[[ Supplied material open ]]
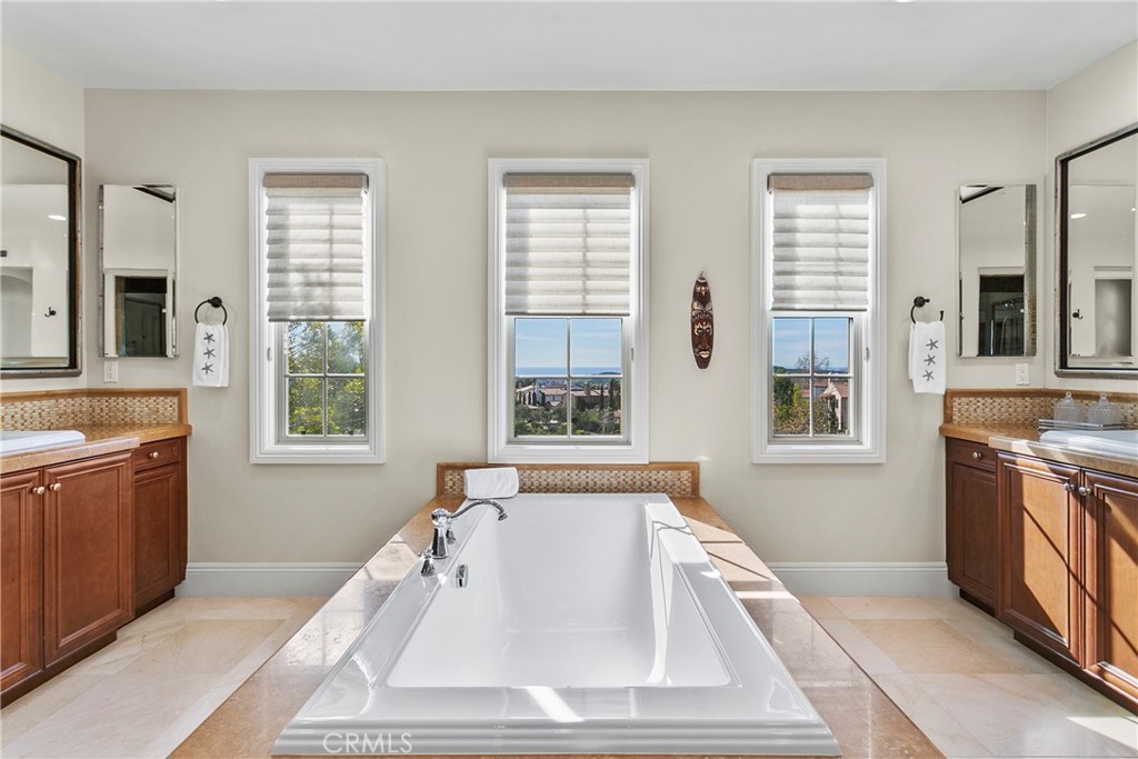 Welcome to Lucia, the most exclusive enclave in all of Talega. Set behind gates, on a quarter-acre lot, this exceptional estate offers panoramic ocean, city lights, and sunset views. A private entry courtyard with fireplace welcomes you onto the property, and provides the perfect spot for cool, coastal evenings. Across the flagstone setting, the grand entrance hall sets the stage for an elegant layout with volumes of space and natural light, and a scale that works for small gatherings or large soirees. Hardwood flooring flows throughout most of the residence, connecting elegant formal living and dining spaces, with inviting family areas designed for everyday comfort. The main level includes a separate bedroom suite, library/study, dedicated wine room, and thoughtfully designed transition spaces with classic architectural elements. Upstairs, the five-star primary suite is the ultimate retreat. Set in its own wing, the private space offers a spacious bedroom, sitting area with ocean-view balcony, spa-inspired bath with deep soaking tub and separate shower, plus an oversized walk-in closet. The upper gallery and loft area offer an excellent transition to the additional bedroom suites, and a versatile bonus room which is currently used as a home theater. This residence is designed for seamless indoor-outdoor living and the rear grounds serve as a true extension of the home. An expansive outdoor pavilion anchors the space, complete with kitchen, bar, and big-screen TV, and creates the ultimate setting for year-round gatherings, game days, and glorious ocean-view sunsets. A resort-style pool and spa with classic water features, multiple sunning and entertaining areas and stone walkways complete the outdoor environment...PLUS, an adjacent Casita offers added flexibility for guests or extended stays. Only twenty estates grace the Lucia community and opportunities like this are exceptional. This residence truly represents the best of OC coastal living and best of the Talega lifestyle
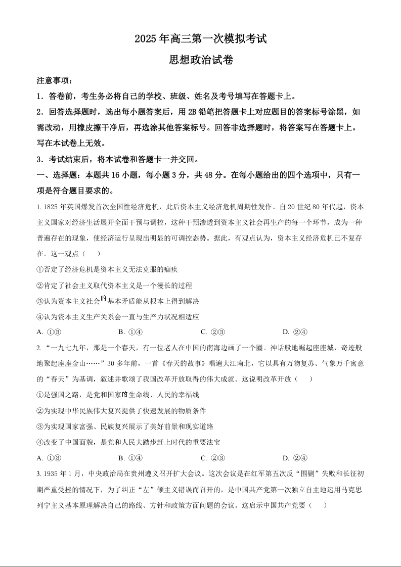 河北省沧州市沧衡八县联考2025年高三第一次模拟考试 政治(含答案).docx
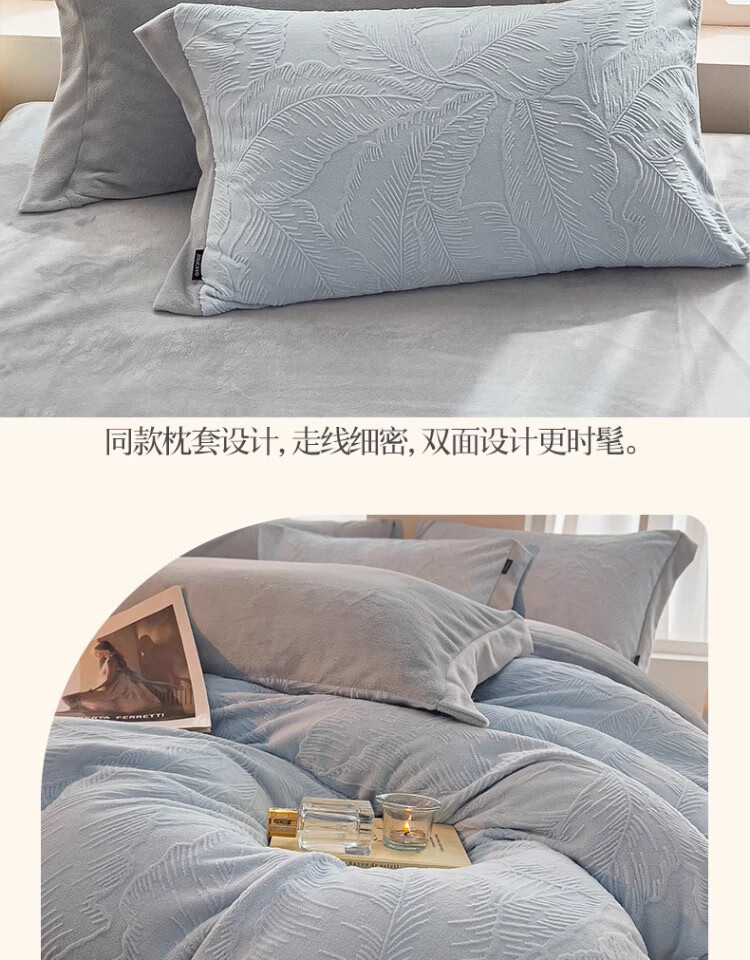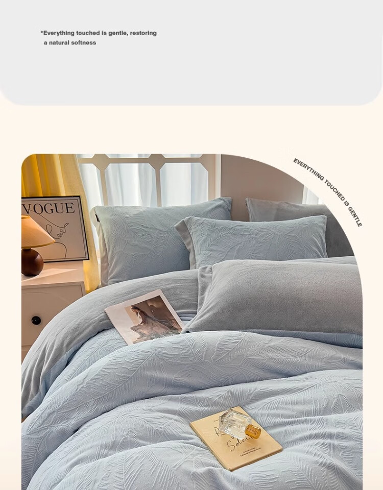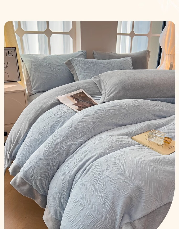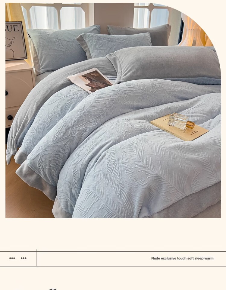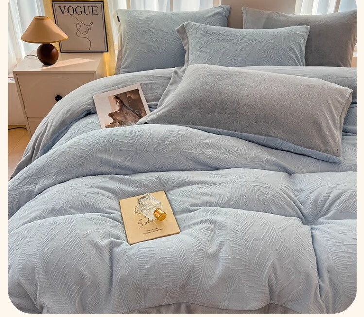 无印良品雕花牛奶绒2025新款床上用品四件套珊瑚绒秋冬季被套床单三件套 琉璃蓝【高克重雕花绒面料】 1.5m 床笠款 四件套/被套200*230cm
[[ Supplied material closed ]]
### The task
Your output should be only the lines from the line with "河北省沧州市沧衡八县联考2025年高三第一次模拟考试 政治(含答案).docx" through the end of the data, exactly as they stand, and no pictures.

### Result of this exercise
 河北省沧州市沧衡八县联考2025年高三第一次模拟考试 政治(含答案).docx
 无印良品雕花牛奶绒2025新款床上用品四件套珊瑚绒秋冬季被套床单三件套 琉璃蓝【高克重雕花绒面料】 1.5m 床笠款 四件套/被套200*230cm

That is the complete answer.